## [Task details]
Copy word for word the line containing "専務の後ろを着いて行くと、「平日限定サラダセット」の看板" together with all lines following it to the end of the listing below, without the pictures.

## [Dataset records]

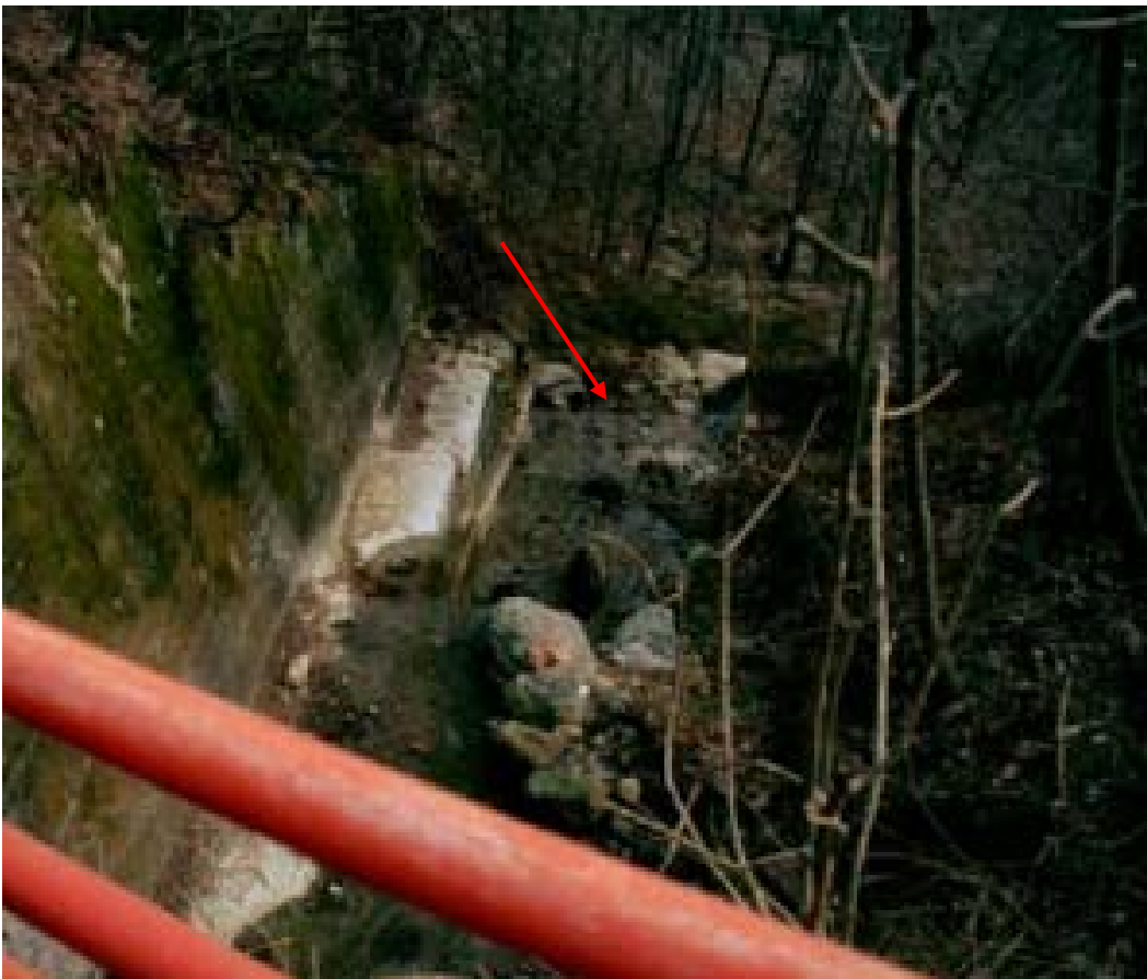
Foto 006 – Opera TREVS006 . Ripresa da monte, dall'attraversamento TREVAG010 .
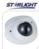
IPC- HDBW2231F-AS-S2 € 250,00
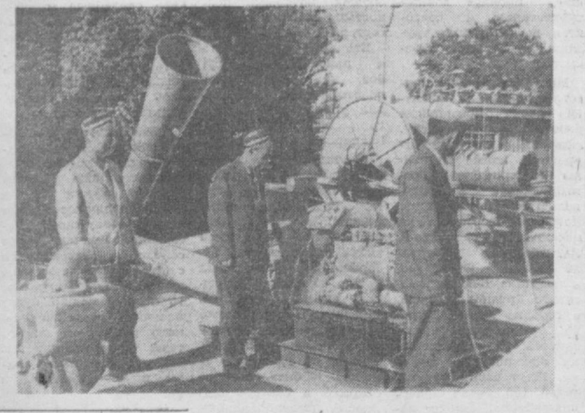
НА ВДНХ УССР в отделе орошения и механизации сельского хозяйства экспонируется новая техника, применяемая для орошения земель Каршинской степи и в Сырдарьинской области. НА СНИМКЕ: посетители знакомятся с техникой.

ПАРИЖ. Арабский язык станет с 1974 года пятым рабочим языком ЮНЕСКО (Организации Объединенных Наций по вопросам просвещения, науки и культуры). Решение об этом было принято на проходящей в Париже XVI-й сессии генеральной конференции ЮНЕСКО. В настоящее время рабочими языками этой организации являются английский, французский, русский и испанский. За признание арабского языка рабочим языком ЮНЕСКО проголосовали Советский Союз, социалистические страны, а также все развивающиеся государства.
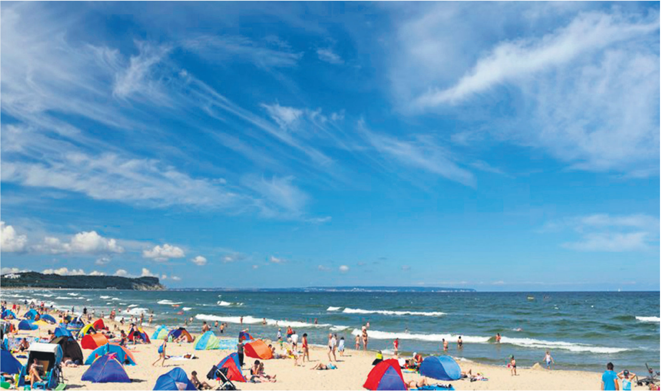
Unbeschwerte Tage am Meer: Die weiten Strände bieten Spaß und Erholung für kleine und große Urlauber.
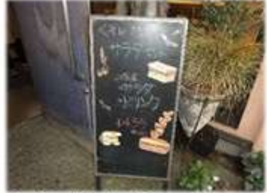
専務の後ろを着いて行くと、「平日限定サラダセット」の看板
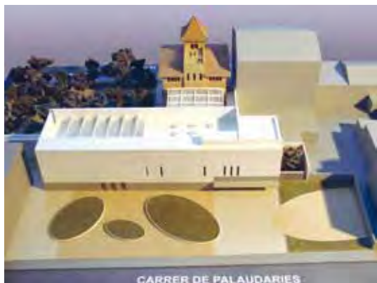
Ampliació del Museu de Ciències Naturals La Tela
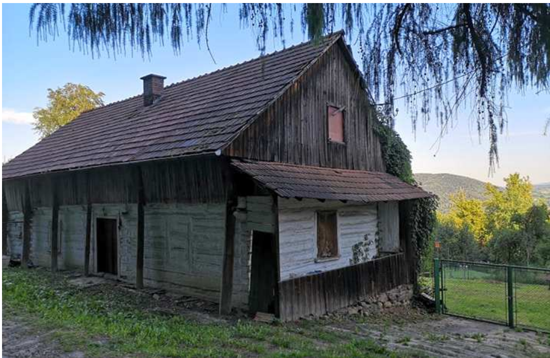
Fot. nr 284. Ściana szczytowa.

## [Output of the task]
専務の後ろを着いて行くと、「平日限定サラダセット」の看板
Ampliació del Museu de Ciències Naturals La Tela
Fot. nr 284. Ściana szczytowa.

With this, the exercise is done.